Apple’s been buying a company every 20 days for the last four months

“If you’ve ever complained of Apple not putting its cash to good use, you’re gonna love this,” Steve Symington writes for The Motley Fool. “No, I’m not talking about an unmerited increase to Apple’s already-historic share repurchase authorization. And no, Apple hasn’t changed its hefty dividend, which resulted in $2.8 billion in payouts last quarter alone.”

“I’m talking about innovation by way of strategic acquisition. You know, like when Apple’s prophetically purchased fingerprint sensor specialist Authentec last year,” Symington writes. “Specifically, during Apple’s quarterly earnings conference call this week, CEO Tim Cook told investors Apple completed 15 strategic acquisitions in all of fiscal 2013.”

“For those of you keeping track, however, you might recall when Cook was asked why Apple ‘doesn’t buy things with its money’ at AllThingsD‘s D11 conference, he countered to note that, while Apple had previously maintained a respectable pace of acquiring a new company every 60-75 days — or ‘maybe six a year’ — it had already purchased nine new companies at that point in the fiscal year,” Symington writes. “Curious, I did a little back-of-the-napkin math at the time, which put Apple’s pace then at around one acquisition every 27 days. But Cook conveniently made those comments almost exactly four months and six acquisitions prior to the Sept. 28 conclusion of Apple’s fiscal year, which puts its latest acquisition pace at roughly one every 20 days.”

Read more in the full article here.

Related article:
Apple reveals 15 acquisitions made in 2013, seven of which are mysteries – October 29, 2013

16 Comments

    1. I know. I always chuckle at those who insist that Apple should buy some giant company – Google (back in the day), Yahoo, Blackberry, etc. – when it makes much more sense to buy a much smaller company for their talent and limited patent portfolio than a large behemoth that would turn into an integration nightmare.

  1. It seems to me that Apple’s acquisitions from the past have done rather well-chip companies , SD memory , fingerprint ID even if we are waiting for LiquidMetal etc .
    I trust that they are being and will be equally strategic .

  2. I’m waiting for some blockbuster acquisition. Apple buying $100 million companies is hardly going to get investors excited or help boost Apple’s share price. It always seems as though Apple’s acquisitions don’t get any bang for the buck. It’s like those companies are acquired and then just disappear without nary a ripple. I realize Apple operates in secret but I’m just saying…

    Stop with that LiquidMetal stuff. A SIM ejector tool is hardly a major breakthrough. That one tool appears to be the only product Apple has ever produced from the investment in LiquidMetal.

    1. Buying companies is not Christmas shopping.
      Everything one Apple purchases has to add to what they are trying to do. Big acquisitions almost always lose value because they are too big to swallow and have too many things to get rid off.

      1. Apple has never made large scale acquisitions, the last thing it needs is to become a conglomerate simply because spend big sounds like it has the wow factor. Running another big company pretty much separately would need skills Apple does not have and would destroy its focus not to mention get bad publicity as it being desperation. If Microsoft can’t do much with big buys I really can’t see a company with no experience of so doing making a success of it. People who say otherwise are just shallow and unimaginative but looking for a quick jab of excite,meant for the sake of it in the main sadly, or simply looking for a quick buck for themselves.

    2. What, they should act like Microsoft when buying companies?
      – Make a big announcement in the press
      – Spend way more than they should
      – Buy some company that is on it’s way down or turns into a has-been.

      What you seem to forget is that Apple is secretive, they don’t care what investors think and could give a rat’s ass about share price.

      Also, when has Apple disclosed big tech info from acquisitions? Never. (yea, lets tip our hand to our competitors) Dumb.

      They just keep doing what they have been doing for years.
      – Selling the BEST MP3 player.
      – Selling the BEST smartphone.
      – Selling the BEST tablet.
      – Selling what many users believe, the BEST computer and OS.

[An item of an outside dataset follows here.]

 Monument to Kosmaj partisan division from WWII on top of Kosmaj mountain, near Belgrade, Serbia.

      So, if you’re unhappy about that, then nothing will make you happy.

    3. “It’s like those companies are acquired and then just disappear without nary a ripple.”

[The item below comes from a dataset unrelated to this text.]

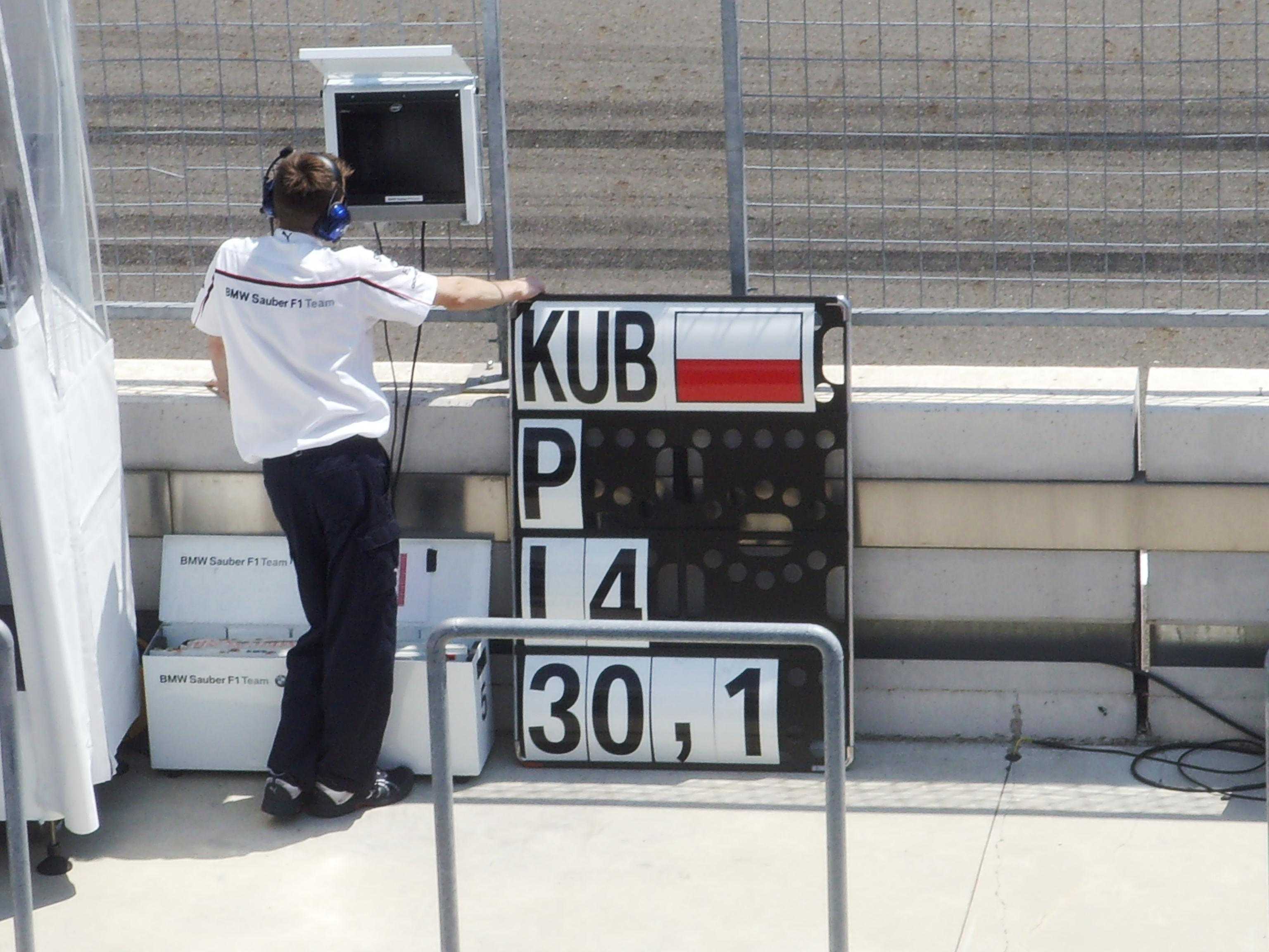 Position of Robert Kubica during practice session on Friday of 2009 Turkish Grand Prix weekend.

      Most acquisitions I guess we never hear much about, but two that I can think of right off the bat overshadow all the rest and get all the bang for the buck that Apple has spent. PASemi and Authentec. Without them we’d have no A7 or fingerprint sensor.

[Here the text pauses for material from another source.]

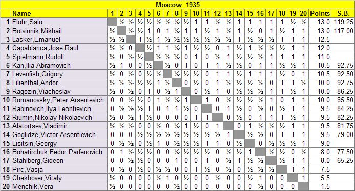 chess tournament Moscow_1935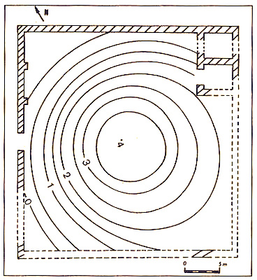 Plan Tumulus7 Inertepe BG

      But I am also waiting for that big acquisition, like a couple of media companies. Or Apple starting a bank.

  3. While I agree with your line of thinking (Apple getting into the home automation business – I think it’s a forgone conclusion that they eventually will), I think that Nest has remained too narrowly focused and slow moving.

    1. I disagree. Nest brought one very successful product to market, refined it with a second version, and then introduced a second complimentary but separate product. What’s slow about that?

      Don’t forget Apple basically just sold computers for about 25 years until the iPod was introduced. Sure Appke sold other various items, but nothing that truly became a second leg of the stool so to speak.